BJ5183 感受态细胞(电转)/ BJ5183 Elect

BJ5183 Electro Competent Cell

EHC0016

 

Packing

BJ5183 Electroporation-Competent Cell  50μl/tube

pUC19 (control vector锛?0pg/μl)      10μl

Storage condition  -80鈩?for 6 month

 

Genotype

endA1 sbcBC recBC galK met thi-1 bioT hsdR (Str^R)

 

Transformation efficiency

pUC19 (control vector,10pg/ul) >10¹⁰ cfu/μg DNA

 

Transformation Protocol

 

1. Take the Electric shock cup and Cover from the storage liquid. Then inverted on clean absorbent paper for 5 minutes,until the cup and cover are dry. Inverted the Inverted cup and cover for 5 minutes, until the ethanol volatilized completed. Inserted the cup in the ice immediately, make the ice compaction. Let the the lip of a cup Higher than the ice surface 0.5cm, cover the cup then standing for 5 minutes fully cooling.

2. Take the BJ5183 competent from -80鈩?storage condition, then insert it in the ice for 5 minutes, until it is melted. Add the plasmid DNA (volume of not more than 6ul), mixed them by hand, then insert the tube in the ice, transfer the mixture to the cup by Pipette gun(200ul tips), cover the cup. Keep the tube ready to use.
a. The transformation efficiency was determined by using the control plasmid pUC19 of 1 ul at 10 pg/ul.

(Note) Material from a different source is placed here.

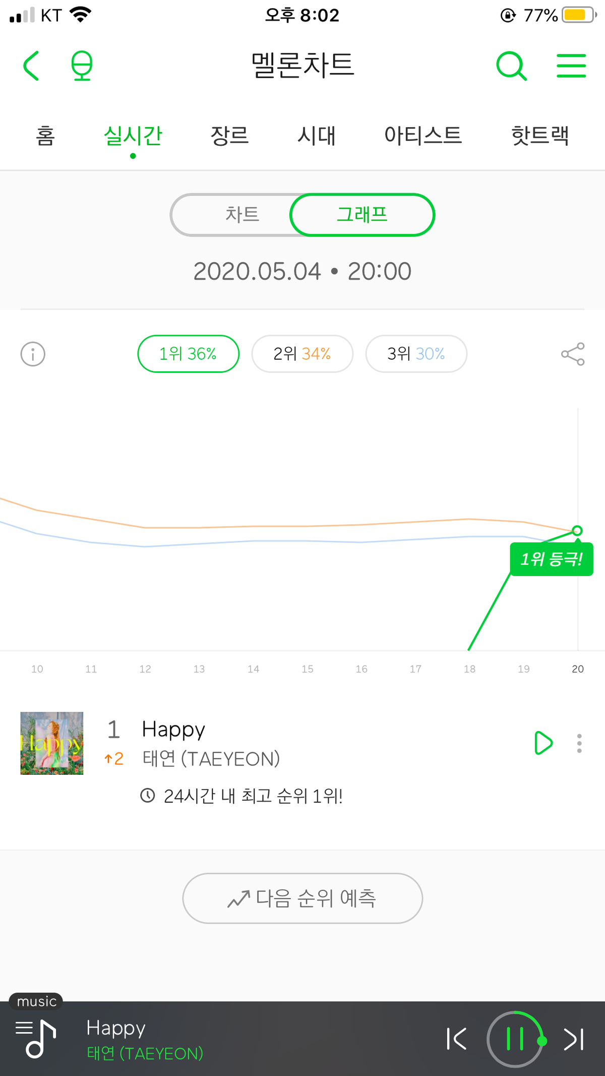 1등이네 요즘은 차트에 사재기꾼들 없나

b. For the conjugated products, the DNA should be precipitated with ethanol and then suspended in TE buffer (10 mM Tris HCl, pH 7.5; 1 mM EDTA) with DNA concentration not exceeding 100 ng/ul and volume not exceeding 5 ul/50 ul.

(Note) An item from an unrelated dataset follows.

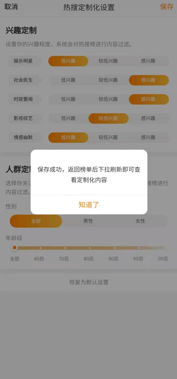 成功保存后,返回微博热搜榜单页面,下拉刷新后即可查看定制化内容。

3. Start Electroporation Systems, set as C=25 μF锛孭C=200 Ω锛孷=1.8 kV (Biorad recommendation, users could also follow the manual of your Electroporation Systems), will quickly turn into the electric shock cup slot, shock quickly inserted in the ice for 2 minutesquickly.

4. Adding 700ul without antibiotics S.O.C.(room temperature) and After several times of mixing at the bottom of the shock cup with 1 ml Pipette gun, then transfer it to a 50 ml centrifugal tube (BD Falcon 50 ml conical centrifugal tube, etc.). Add S.O.C. medium to the centrifugal tube to 10 ml. At 37 C, 225 rpm was resuscitated it at 37鈩?225 rpm for 60 minutes.

 

5. Centrifuge it at 5000 rpm for one minute to collect bacteria. After suspension, Take 100-200 ml and Spread it on the S.O.C by antibiotic. Incubate overnight at 37°C.

S.O.C Medium Component

2% Tryptone

0.5% Yeast Extract

10 mM NaCl

2.5 mM KCl

10 mM MgCl2

10 mM MgSO4

20 mM glucose

PH-7.0

S.O.C. Medium is suitable for use in the final step of cell transformation to obtain

maximal transformation efficiency of E. coli (Hanahan, 1983).

 

Caution:

1. The volume of DNA should not be larger than 1/10 of the volume of the competent state.

 

2. Bubbles should be avoided when electroshock-sensitive cells are added into the shock cup. Bubbles will increase the risk of arc discharge.

 

3. When DNA is impure or contaminated by salts, ethanol, proteins and buffers, the conversion efficiency decreases sharply.

 

4. The ions in the shock cup can increase the conductivity of the solution and increase the risk of electric current and arc discharge in the solution containing cells and DNA.

 

5. If large plasmids are transformed or high transformation efficiency is desired, high purity Plasmid Extraction Kit is recommended for plasmid extraction. When the plasmid doubled, the transformation efficiency decreased by an order of magnitude.

 

6. For the transformation of conjugates, it is better to suspend the conjugates with appropriate TE buffer (10 mM Tris HCl, pH 7.5; 1 mM EDTA) after precipitation of DNA by ethanol before transformation, so as to ensure that the concentration of DNA does not exceed 100 ng/ul. Excessive concentration of bonding products or excessive volume of bonding products will reduce the conversion efficiency and increase the risk of arc discharge.

 

7. When mixing plasmids, it should be operated gently. When absorbing competent cells, it should be avoided to exert too much force, so as to avoid excessive shear stress damaging cell membranes and reducing transformation efficiency. Conversion of high concentration plasmids or conjugates can correspondingly reduce the amount of bacteria eventually used for coating.

 

8. Electroshock-sensitive cells are best preserved below - 80°C. Over -80°C will lead to a decrease in transformation efficiency.